2013 was an amazing year for the Stock Market the S&P 500 ended up 30 points and the Dow made over 50 record highs. Over all it was a terrific year. For the past month the prognosticators have been lining up to forecast 2014.
The WSJ reported the average prediction is that the market (the S&P 500) will only go up 7%. A month earlier the prediction was 10%. It's interesting to note that the 10% prediction is about the average gain the S&P has had over its history.
As we all know when in the business of making predictions, the lunch menu always has crow for its main course. Because the interesting part, the WSJ further reported that the average strategist error was 11.8%. So the average error can wipe out the average prediction pretty quick, making me wonder the value of the predictions in the first place.
In a meeting this past week one of the presenters, questioned the sanity of the market that rose over 30% while the average earnings per share rose only 6%. He exclaimed that the fundamentals are gone! Now we all know that things just get crazy in the markets and perhaps this is the one time that is true.
So what to do in 2014? This is where portfolio management comes into play. A portfolio that uses well diversified funds (or ETF’s) across several asset classes is a solid strategy. The portfolio should have breadth and depth in the funds and asset classes. In this kind of portfolio each asset class will behave independently, but collectively risk is reduced. Some funds may be highly correlated, while several may not. One key is to have an overall low correlation between the funds.

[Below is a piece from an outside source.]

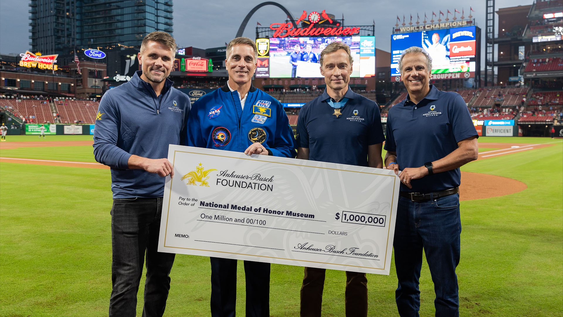 Last week Anheuser-Busch made a $1 million philanthropic donation to support the ongoing construction of the museum. The gift was presented Sept. 20 at Busch Stadium in St. Louis during an on-field ceremony at a Cardinals-Brewers game with Cassidy and Medal of Honor recipient Britt Slabinski, a retired Master Chief Special Warfare Operator (SEAL).

One strategy is the 7Twelve® portfolio model, which provides this type of breath and depth in a portfolio. It utilizes 7 asset classes, with 12 different funds. The seven asset classes have over 40 years of data to provide an historical perspective on their behavior in different market cycles. The 7Twelve® portfolio model was developed by Professor Craig Israelson of who taught at Brigham Young University.
If the market goes up or down this next year, which we know based on the above averages it’s going to move one direction or another, having a diversified portfolio is a good plan. How is your portfolio situated? Is it an all-weather portfolio?